The key specification is the last line, which defines the random effects as a separate block of parameters to be estimated using Gibbs sampling.
When you use the reffects()
option Stata supresses
printing the random effects. An alternative is to use the
noshow
option. You can also select exactly what to print
using the command bayesstats summary
.
As you would expect from Stata, the Bayes estimation procedures have excellent graphic facilities. Here’s how to generate diagnostic plots for the variance parameter at the mother level:
. bayesgraph diagnostics {mother:var} . graph export bayesmvar.png, width(700) replace file bayesmvar.png saved as PNG format
The graph reveals “slow mixing” and high auto-correlation, which is a common occurrence with variance parameters, but a comparison of the first and second halves of the Markov chain is reassuring. Try running similar diagnostics for the other parameters.
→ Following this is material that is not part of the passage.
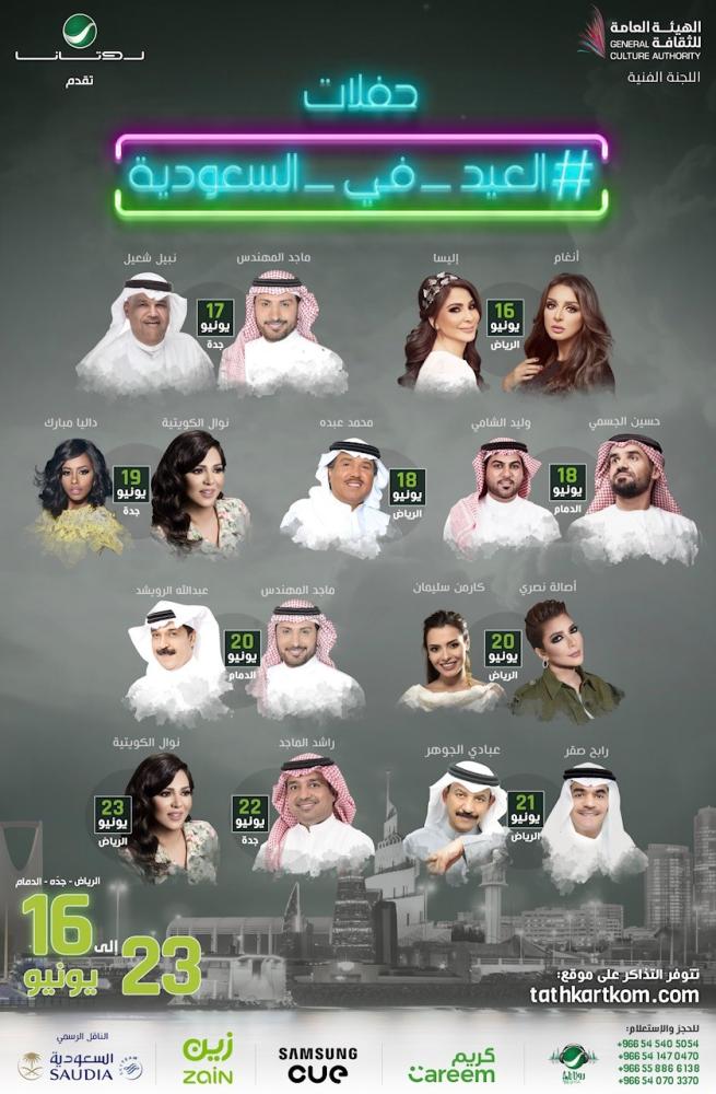 وتحيي أنغام وأليسا حفلا غنائيا في 16 يونيو بمركز الملك فهد الثقافي في الرياض، فيما يغني ماجد المهندس ونبيل شعيل بصالة الجوهرة بجدة يوم 17 يونيو، وحسين الجسمي ووليد الشامي بمركز معارض الظهران الدولي بالدمام في 18 يونيو، وفي اليوم ذاته يغني فنان العرب محمد عبده بمركز الملك فهد الثقافي بالرياض، كما تغني نوال الكويتية وداليا مبارك في صالة «الجوهرة» بجدة يوم 19 يونيو، وفي 20 يونيو يغني ماجد المهندس وعبدالله الرويشد، بمركز الظهران الدولي بالدمام. فيما تحيي أصالة نصري وكارمن سليمان ليلة 20 يونيو بمركز الملك فهد الثقافي بالرياض، تليها ليلة استثنائية لرابح صقر وعبادي الجوهر بنفس المركز، في حين يلتقي راشد الماجد الجمهور الجداوي في 22 يونيو بصالة الجوهرة، وتختتم نوال الكويتية الحفلات في 23 يونيو بمركز الملك فهد الثقافي بالرياض.

A naive specification of the model would use i.mother
for the random effects, most likely after using
fvset base none mother
to ensure that all units get a
random effect. Even if these parameters are specified as a separate
block you will have serious convergence problems, even though the model
is exactly the same. The Stata documentation notices a similar problem
with their example.
Here is a comparison of the four estimation methods we have used on the same data. (The Stata results quoted are from an earlier run using Stata 14, but are almost identical to the current results.)
Variable | melogit | Gibbs | Stan | bayesmh |
---|---|---|---|---|
loginc | 0.562 | 0.569 | 0.581 | 0.573 |
distance | -0.077 | -0.077 | -0.077 | -0.074 |
dropout | -1.998 | -2.037 | -2.088 | -2.029 |
college | 1.034 | 1.056 | 1.094 | 1.020 |
constant | -3.370 | -3.415 | -3.488 | -3.443 |
s2 | 1.548 | 1.532 | 1.918 | 1.709 |
We note general agreement, as all procedures would lead us to the same conclusions.